Any model type starting with resnet (e.g. resnet50) or containing tensorflow also routes to classification.

Video Classification:

  • "videomae" - VideoMAE
  • "vivit" - ViViT
  • "timesformer" - TimeSformer

Optical Flow:

  • "raft" - RAFT optical flow

Pose Estimation:

  • "yolov8pose", "yolov8-pose" - YOLOv8 pose (single-stage, returns bbox + keypoints)
  • "yolo11pose", "yolo11-pose" - YOLO11 pose
  • "yolo26pose", "yolo26-pose" - YOLO26 pose
  • "yolov5pose", "yolov5-pose" - YOLOv5 pose
  • "rfdetrpose", "rfdetr-pose", "rfdetrkeypoint", "rfdetr-keypoint", "rfdetrkpt", "rfdetr-kpt" - RF-DETR keypoint pose (single-stage, returns bbox + 17 coco keypoints with visibility and per-keypoint covariance)
  • "vitpose" - ViTPose (top-down, heatmap-based)
  • "ecpose" - EdgeCrafter pose estimation (any string starting with ecpose, or edgecrafter and containing pose)

RF-DETR keypoint models output per-keypoint visibility and 2×2 pixel covariance (decoded from Cholesky L via the ONNX log_l11, l21, log_l22 channels). Keypoints are filtered by an uncertainty-weighted score fusion that discounts high-covariance predictions.

Depth Estimation:

  • "depth_anything_v2", "depth-anything-v2" - Depth Anything V2

Open-Vocabulary Detection:

  • "owlv2" - OWLv2 open-vocabulary detection
  • "owlvit" - OWL-ViT compatible open-vocabulary detection
  • "groundingdino" - Grounding DINO text-conditioned detection

Open-vocabulary models use text prompts supplied at runtime through TaskConfig::text_prompts. Tokenizer assets can be passed either as file paths (tokenizer_vocab_path, tokenizer_merges_path) or preloaded text blobs (tokenizer_vocab_json, tokenizer_merges_text).
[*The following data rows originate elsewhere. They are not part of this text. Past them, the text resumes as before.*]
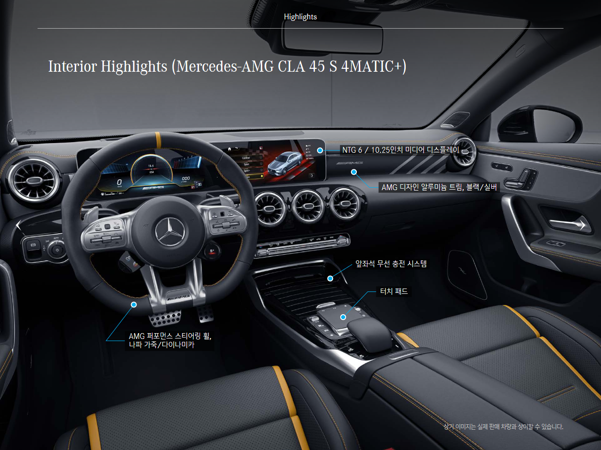 외관은 AMG 파나메리카나 그릴, 멀티빔 LED, AMG 고성능 브레이크 시스템 (프론트 6 피스톤), 19인치 AMG 크로스 스포크 단조 휠, 파노라믹 선루프, 리어 스포일러, 듀얼 트윈 머플러가 특징입니다. 인테리어는 AMG 퍼포먼스 스티어링 휠, NTG 6 / 10.25인치 미디어 디스플레이, AMG 디자인 알루미늄 트림, 앞좌석 무선 충전 시스템, 터치패드가 특징입니다.
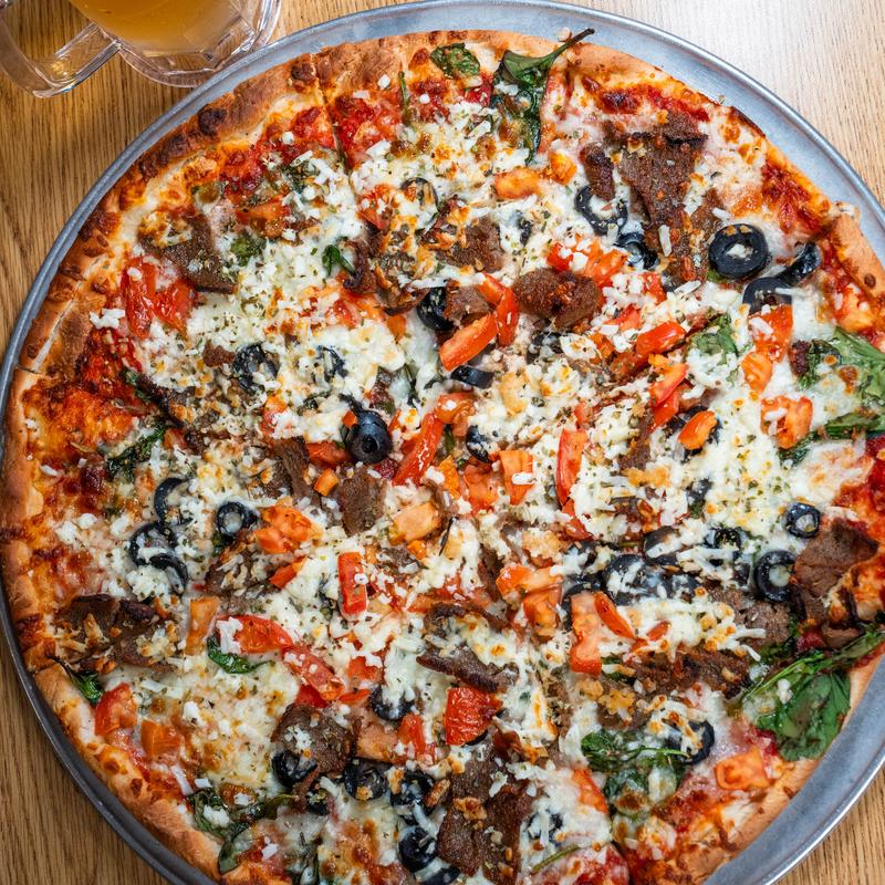 Small $12.65 | Large $19.80 • Feta and mozzarella cheese, sliced black olives, tomatoes, olive oil, oregano and a touch of garlic, spinach and pizza sauce • Add Gyro Meat Small $15.20 | Large $24.30
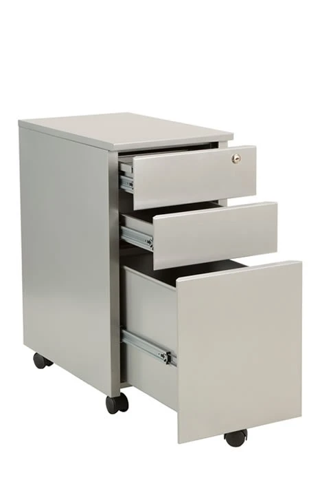 - 3 drawer pedestal has 2 box drawers, 1 Drawer has filing drawer, includes pen trayÂ
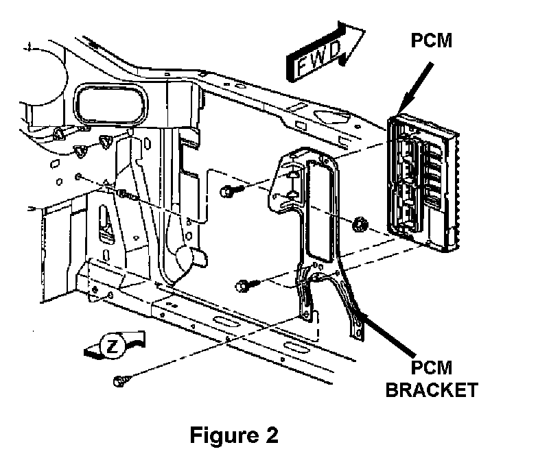 6. Install the new PCM (Figure 2). Tighten the mounting bolts to 105 in-lbs (11.8 Nm).
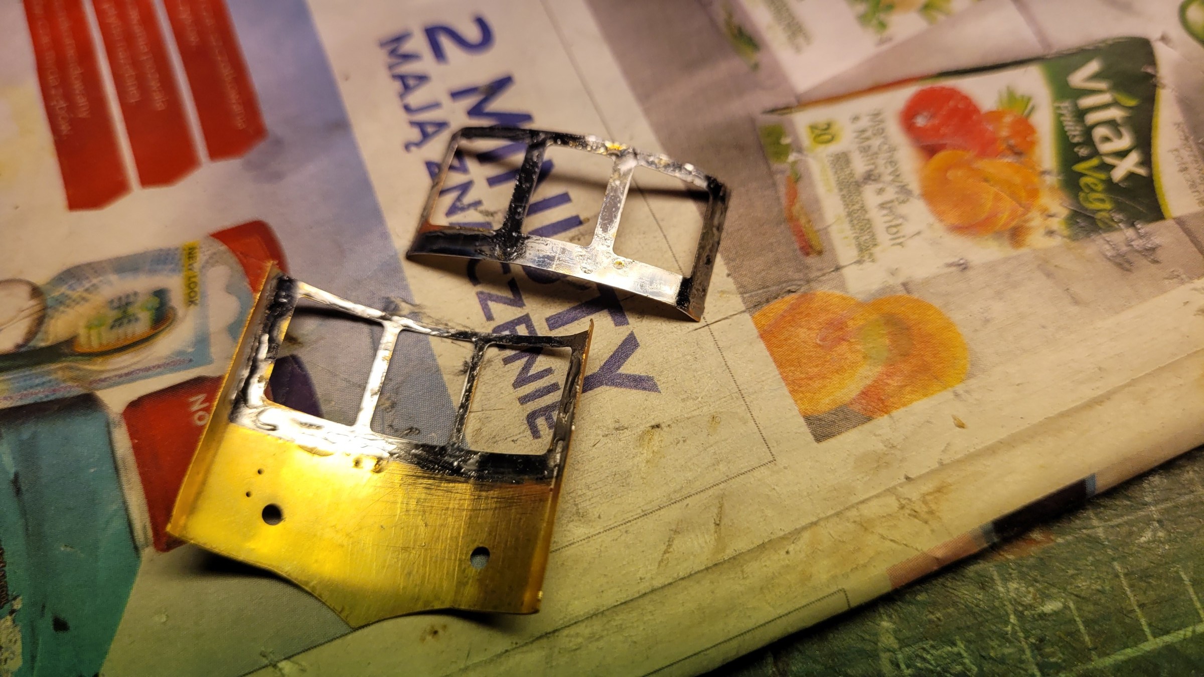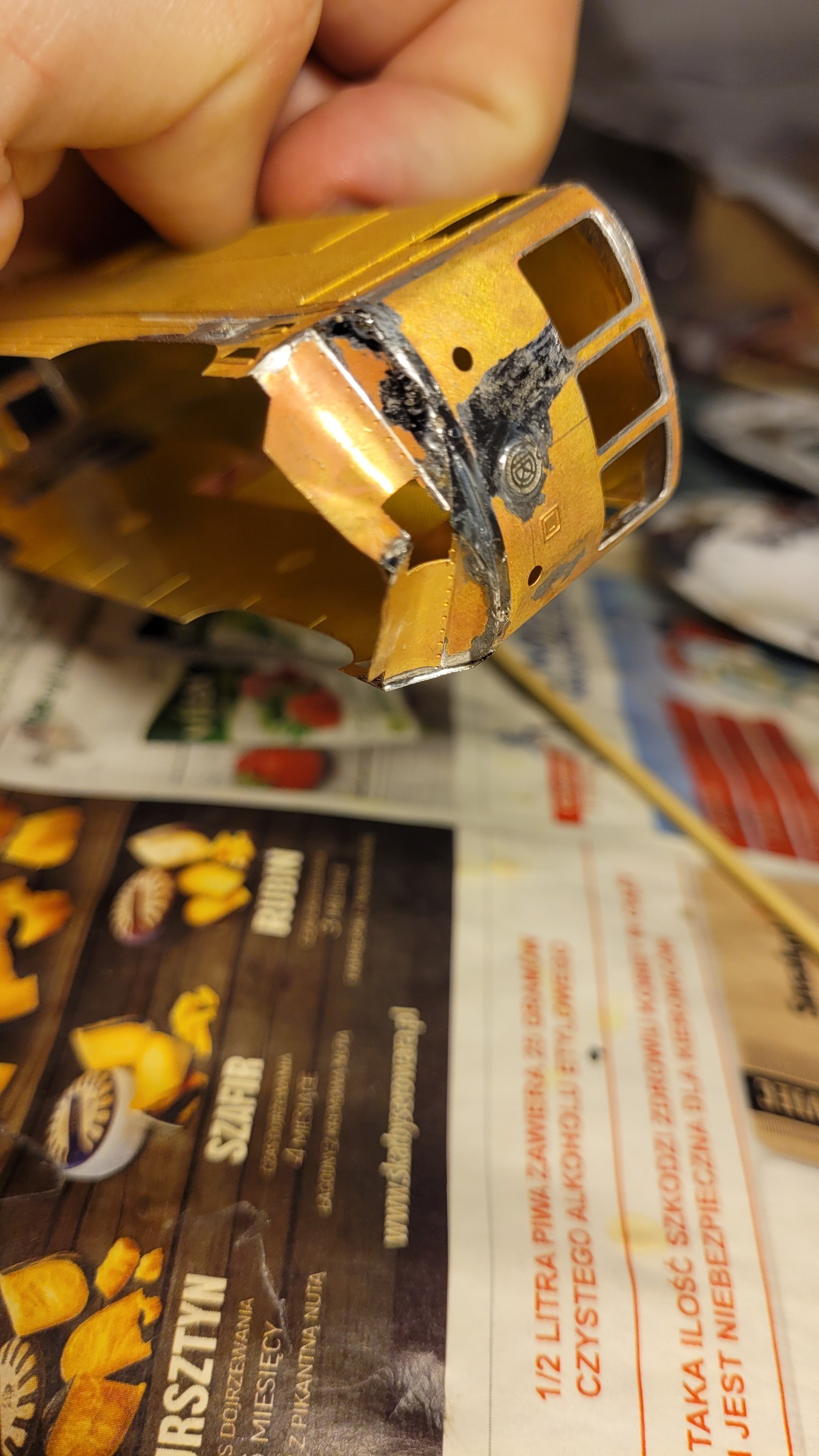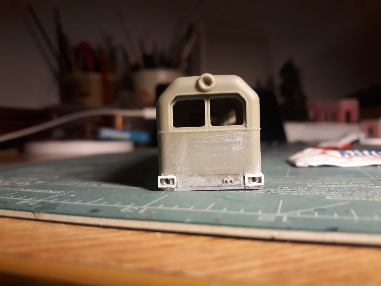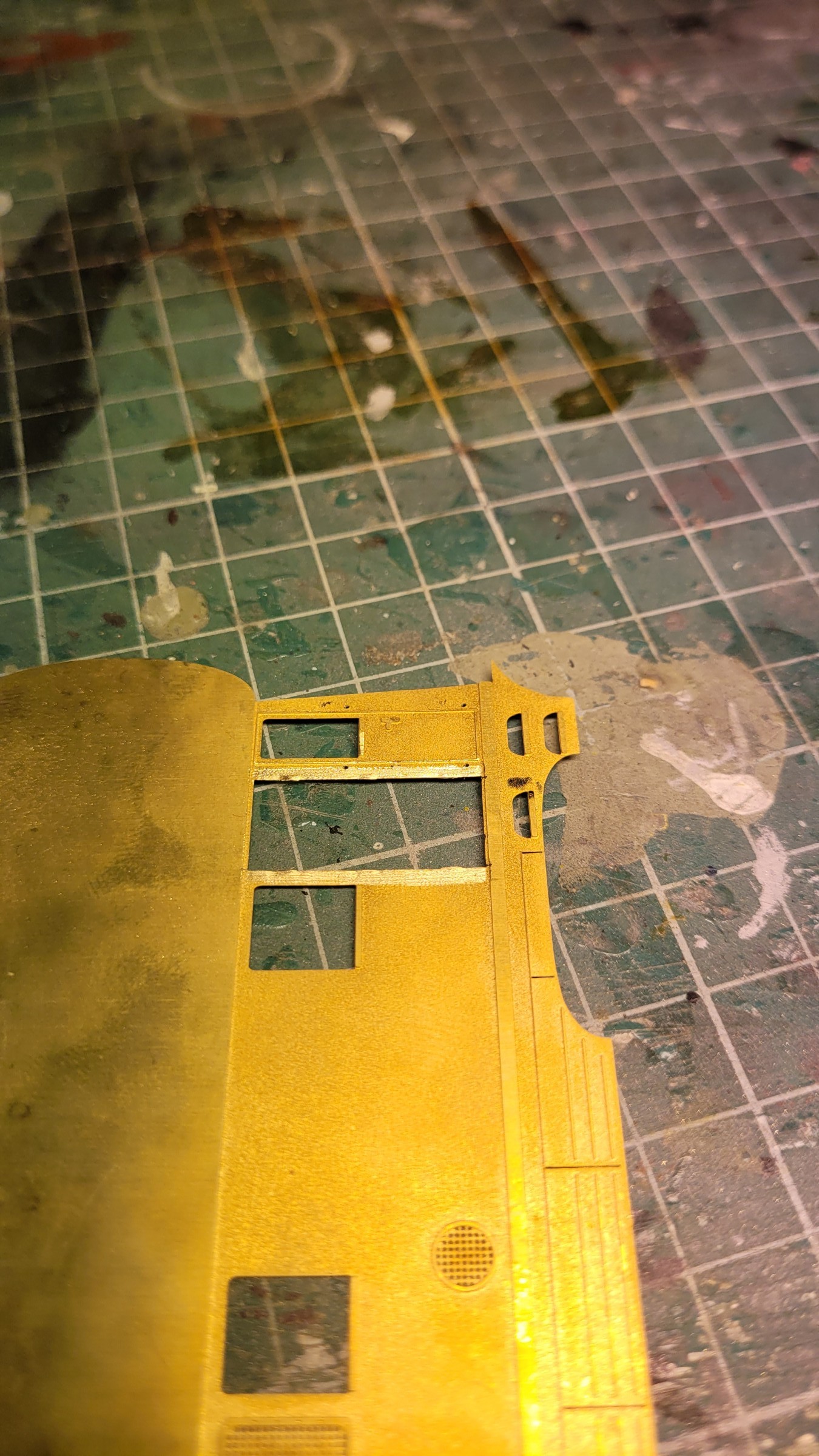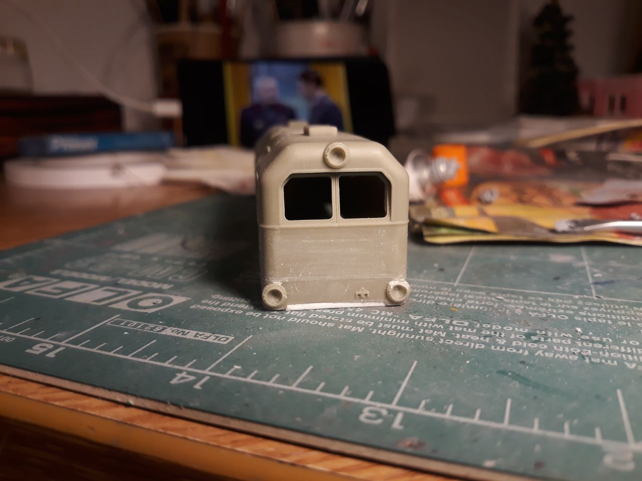 На раме нужно проточить выемки под двери, канавки под защёлки, сточить стойки для прожекторов, около 1 мм высоты топливного бака и защёлки на топливном баке.
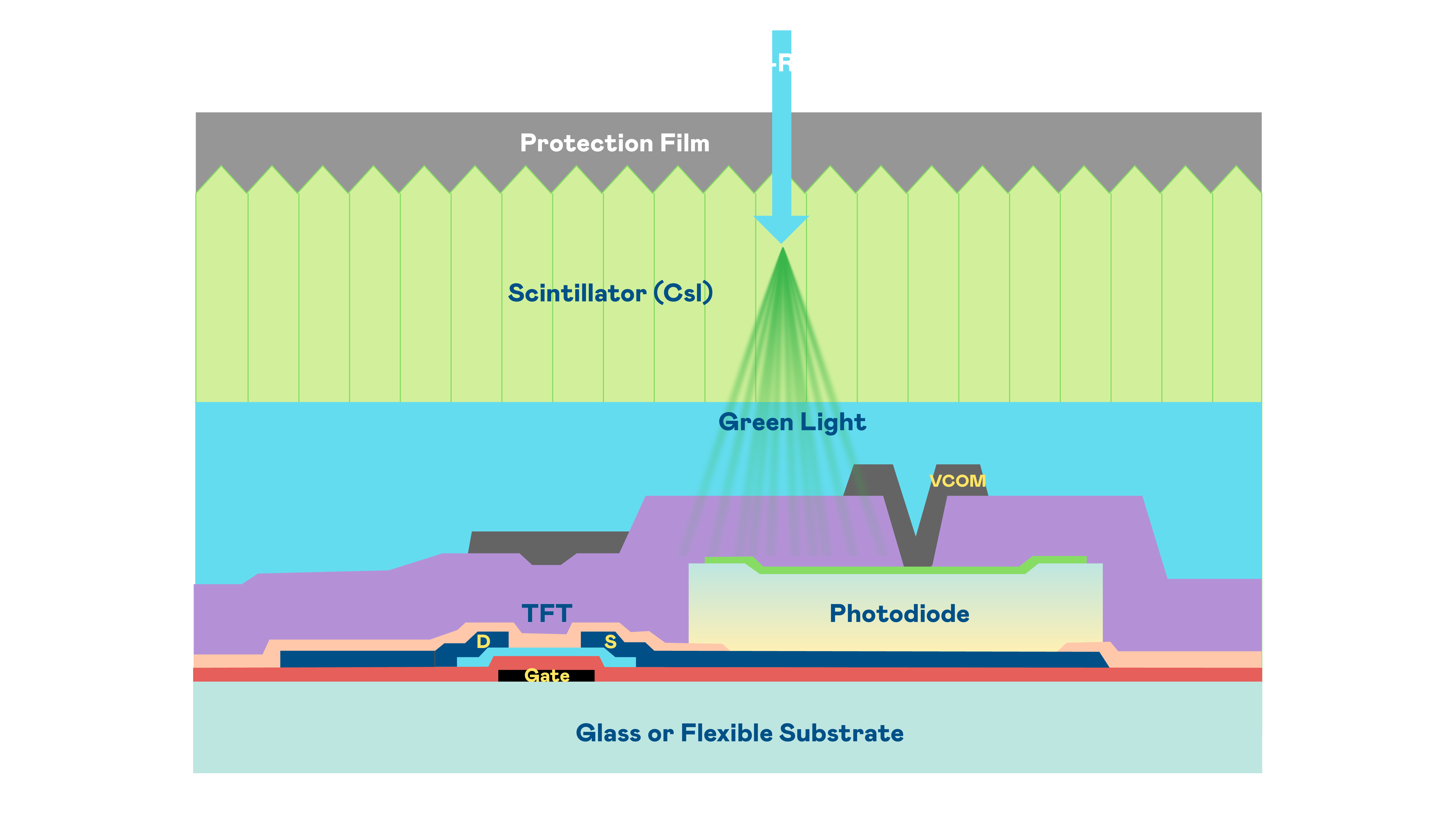 yd12399云顶的X光影像感测阵列使用薄膜电晶体 (TFT) 作为每个像素的读取开关,搭配光电二极体(Photodiode)的光电转换元件,用以感测X光影像讯号。

The expected ONNX contract is:

  • Inputs: pixel_values, input_ids, attention_mask
  • Outputs: logits, pred_boxes, and optional objectness_logits

Results are returned as OpenVocabDetection entries containing bbox, score, prompt_index, and resolved label.

For export details, see export/open_vocab_detection/OWLv2.md.

Image Understanding (VLM):

  • "gemma4", "gemma", "llama", "llamacpp", "imageunderstanding" - Vision-language model image captioning / Q&A via llama.cpp backend

Input contract: preprocess() returns two tensors — [0] UTF-8 prompt bytes, [1] raw RGB pixels with an 8-byte header [uint32 width LE][uint32 height LE][H×W×3 bytes]. When no image is provided only tensor [0] is returned (text-only mode). Output is a UTF-8 string returned as float-encoded bytes (one float per byte value).

Requires the llama.cpp LLAMACPP backend with an mmproj (vision projector) GGUF.

For model download and setup details, see export/image_understanding/ImageUnderstanding.md.

Gaussian Splatting:

  • "lgm", "lgm-mini" - LGM (Large Gaussian Model)
  • "grm" - GRM
  • "gaussiansplatting", any string containing "splat" - generic alias

Canonical copy: docs/generated/supported-model-types.md.

App-specific routing and validation in neuriplo-infer still define the end-to-end supported subset for this repo.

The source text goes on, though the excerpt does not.